Tuesday, January 19, 2010

Panda Bear - Berlin HAU 2

Seeing Panda Bear perform in Berlin last weekend at the Hebbel Am Ufer 2 was nothing short of astonishing. The man behind the moniker, Noah Lennox, is firstly known for being 1/3 of Animal Collective, the most prodigious indie band of the last decade. When he’s not touring or writing music with them (check off 9 albums now), he resides in Portugal with his wife and kid and still finds time to make some of the most open-minded music to be conceived a single person. Now while never having played Berlin solo before, one would've suspected him to perform an evenhanded mix of stuff off his two albums, Young Prayer (quietly came out in ‘04 in response to his father’s death, recorded in the same house he passed away in) and of course, Person Pitch (took several ‘07 Album of the Year honors for its endless layering of samples, sun-warped rhythms and Brian Wilson-like vocal textures) but more on that in a minute...

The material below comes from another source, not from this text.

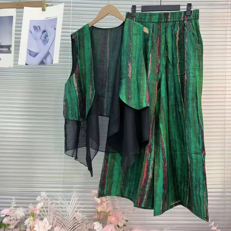 20分鐘前居然這麼顯瘦!色彩感十足的氣質馬甲套裝也太美了吧,假兩件馬甲搭配條紋寬褲,妥妥的慵懶感~ - 【限時下殺】馬甲+褲子一套 僅需 NT$998

In a room swarming with fashion-forward Berliners, all eyes quickly rested on the most unassuming person in the whole place, who was wearing nothing but a washed out t-shirt, jeans and slip-ons. With no stage lights on him and no introduction, Panda Bear commanded the stage for over an hour with only an electric guitar, a small synth, two mixers and a mic. Oh yeah, and he didn’t play a single thing off either of his two beloved albums. Instead, Panda projected a montage of new work onto us without asking for permission or delivering any apologies. With equal parts dark/primitive to romantic/auspicious, you could almost hear each song spell out a different provocation: "Who cares about what I've done before?...Who cares what the concert promoters want out of me?... Who cares about how much better the state of the world was in a few years ago?...Why care about anything else besides being present in this very moment, together?"And before we knew it, the whole room was seemingly brainwashed into letting go of the past and all in favor of lionizing the future.




















Then, just as modestly as he had appeared, he was gone. No mindless banter. No self-promoting. No indie smugness. Just music. Pure and unbridled, for a new decade....On the way out, I glanced at the merch table in the back and found there were zero Panda Bear lp's/cd's, stickers or hoodies for sale. Just one shirt layed there and it looked like it had been drawn on with a half-dead Sharpie...perhaps by his daughter even. Oh, if only the rest of the music world would invest more time on their craft and less time on their convoluted haircuts, tiresome wardrobes and splashy merchandise, I think we would all be more excited about what possibilities the future holds...and not just musically.